[Stored entries]
--- START ---
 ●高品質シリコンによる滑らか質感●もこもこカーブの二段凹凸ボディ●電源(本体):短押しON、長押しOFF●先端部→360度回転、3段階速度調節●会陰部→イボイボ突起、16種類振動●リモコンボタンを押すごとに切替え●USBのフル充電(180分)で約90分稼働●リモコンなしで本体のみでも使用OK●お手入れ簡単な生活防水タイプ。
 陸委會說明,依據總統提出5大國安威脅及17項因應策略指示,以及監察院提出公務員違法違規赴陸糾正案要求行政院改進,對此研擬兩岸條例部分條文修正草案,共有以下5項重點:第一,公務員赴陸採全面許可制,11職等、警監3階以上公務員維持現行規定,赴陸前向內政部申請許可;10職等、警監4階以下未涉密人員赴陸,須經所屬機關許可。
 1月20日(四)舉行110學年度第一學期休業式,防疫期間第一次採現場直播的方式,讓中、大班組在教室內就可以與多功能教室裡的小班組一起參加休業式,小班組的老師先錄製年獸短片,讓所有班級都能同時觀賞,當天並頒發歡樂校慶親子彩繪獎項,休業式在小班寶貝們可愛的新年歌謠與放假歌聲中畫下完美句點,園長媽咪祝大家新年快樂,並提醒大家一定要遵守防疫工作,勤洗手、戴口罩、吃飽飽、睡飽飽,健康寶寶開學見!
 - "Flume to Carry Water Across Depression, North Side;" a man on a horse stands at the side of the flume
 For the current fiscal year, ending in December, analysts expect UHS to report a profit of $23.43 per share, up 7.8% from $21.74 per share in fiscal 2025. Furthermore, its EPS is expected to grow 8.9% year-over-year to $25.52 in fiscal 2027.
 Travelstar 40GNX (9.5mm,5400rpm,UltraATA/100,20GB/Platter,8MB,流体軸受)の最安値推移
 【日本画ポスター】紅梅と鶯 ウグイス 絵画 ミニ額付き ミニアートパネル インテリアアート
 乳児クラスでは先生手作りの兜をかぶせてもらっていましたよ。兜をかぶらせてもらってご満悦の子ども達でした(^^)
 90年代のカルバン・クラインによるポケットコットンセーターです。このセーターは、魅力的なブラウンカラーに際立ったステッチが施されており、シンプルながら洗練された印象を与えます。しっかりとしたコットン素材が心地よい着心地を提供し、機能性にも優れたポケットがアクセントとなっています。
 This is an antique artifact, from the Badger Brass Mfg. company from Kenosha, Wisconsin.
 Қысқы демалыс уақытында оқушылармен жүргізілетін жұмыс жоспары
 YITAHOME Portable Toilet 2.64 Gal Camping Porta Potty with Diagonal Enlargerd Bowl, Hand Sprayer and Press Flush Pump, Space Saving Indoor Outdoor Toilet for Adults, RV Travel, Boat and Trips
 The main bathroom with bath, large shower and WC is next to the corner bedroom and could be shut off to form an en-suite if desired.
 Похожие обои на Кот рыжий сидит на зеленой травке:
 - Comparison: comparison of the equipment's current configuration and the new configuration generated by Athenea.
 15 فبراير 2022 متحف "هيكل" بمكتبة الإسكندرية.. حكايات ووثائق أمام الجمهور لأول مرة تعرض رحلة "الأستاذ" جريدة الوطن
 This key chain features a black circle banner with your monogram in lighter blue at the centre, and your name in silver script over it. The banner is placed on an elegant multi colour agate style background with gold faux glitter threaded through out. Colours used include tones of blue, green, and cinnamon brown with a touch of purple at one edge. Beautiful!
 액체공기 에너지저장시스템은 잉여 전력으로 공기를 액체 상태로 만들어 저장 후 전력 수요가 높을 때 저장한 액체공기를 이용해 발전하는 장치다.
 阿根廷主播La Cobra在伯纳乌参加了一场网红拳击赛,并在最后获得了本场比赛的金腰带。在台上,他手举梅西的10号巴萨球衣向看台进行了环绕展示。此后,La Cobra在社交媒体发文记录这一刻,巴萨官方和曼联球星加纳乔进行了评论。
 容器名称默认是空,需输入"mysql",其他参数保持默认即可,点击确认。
--- END ---
## Task statement
Write down again, exactly as given, only the lines above that fall from the line with "Қысқы демалыс уақытында" to the line with "This key chain", inclusive.

## Solved problem
 Қысқы демалыс уақытында оқушылармен жүргізілетін жұмыс жоспары
 YITAHOME Portable Toilet 2.64 Gal Camping Porta Potty with Diagonal Enlargerd Bowl, Hand Sprayer and Press Flush Pump, Space Saving Indoor Outdoor Toilet for Adults, RV Travel, Boat and Trips
 The main bathroom with bath, large shower and WC is next to the corner bedroom and could be shut off to form an en-suite if desired.
 Похожие обои на Кот рыжий сидит на зеленой травке:
 - Comparison: comparison of the equipment's current configuration and the new configuration generated by Athenea.
 15 فبراير 2022 متحف "هيكل" بمكتبة الإسكندرية.. حكايات ووثائق أمام الجمهور لأول مرة تعرض رحلة "الأستاذ" جريدة الوطن
 This key chain features a black circle banner with your monogram in lighter blue at the centre, and your name in silver script over it. The banner is placed on an elegant multi colour agate style background with gold faux glitter threaded through out. Colours used include tones of blue, green, and cinnamon brown with a touch of purple at one edge. Beautiful!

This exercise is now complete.